▶ [Task objective]: Please return the listing below word for word, minus its pictures.

▶ [Input data]:
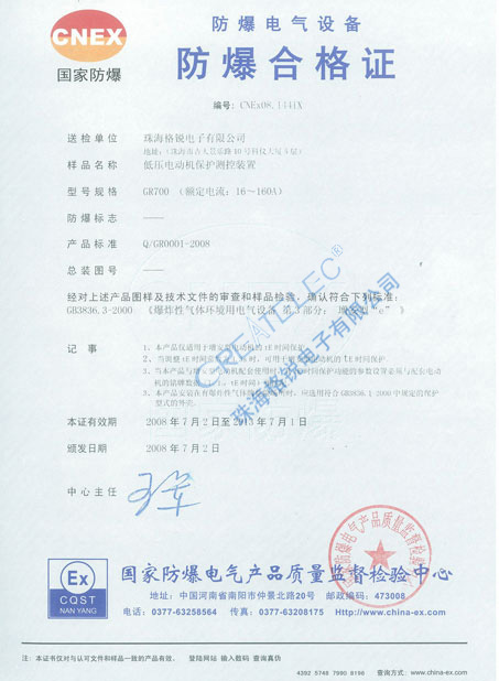 當前位置: 公司資質(zhì) 型式檢驗報告/3C證書(shū) > 電動(dòng)機保護
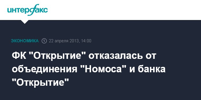 ФК "Открытие" отказалась от объединения "Номоса" и банка "Открытие"
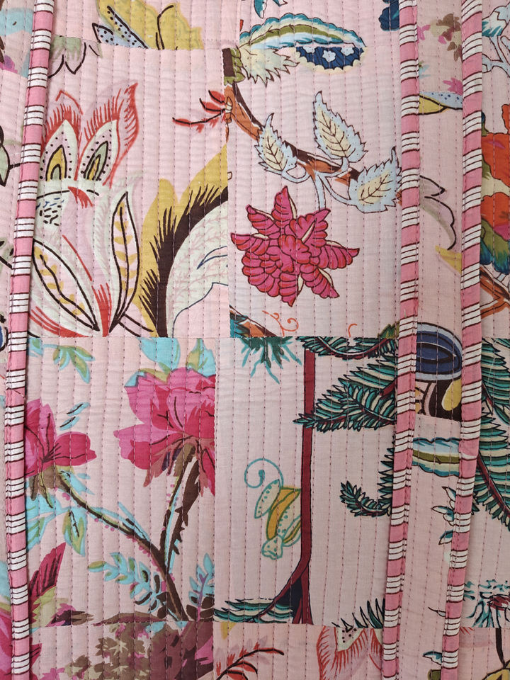 Large Quilted Indian Cotton Tote Bag for Women Light Blue Bohemian Patchwork Style Open Closure for Daily Shopping and Travel

▶ [Solution to the problem]:
 當前位置: 公司資質(zhì) 型式檢驗報告/3C證書(shū) > 電動(dòng)機保護
 ФК "Открытие" отказалась от объединения "Номоса" и банка "Открытие"
 Large Quilted Indian Cotton Tote Bag for Women Light Blue Bohemian Patchwork Style Open Closure for Daily Shopping and Travel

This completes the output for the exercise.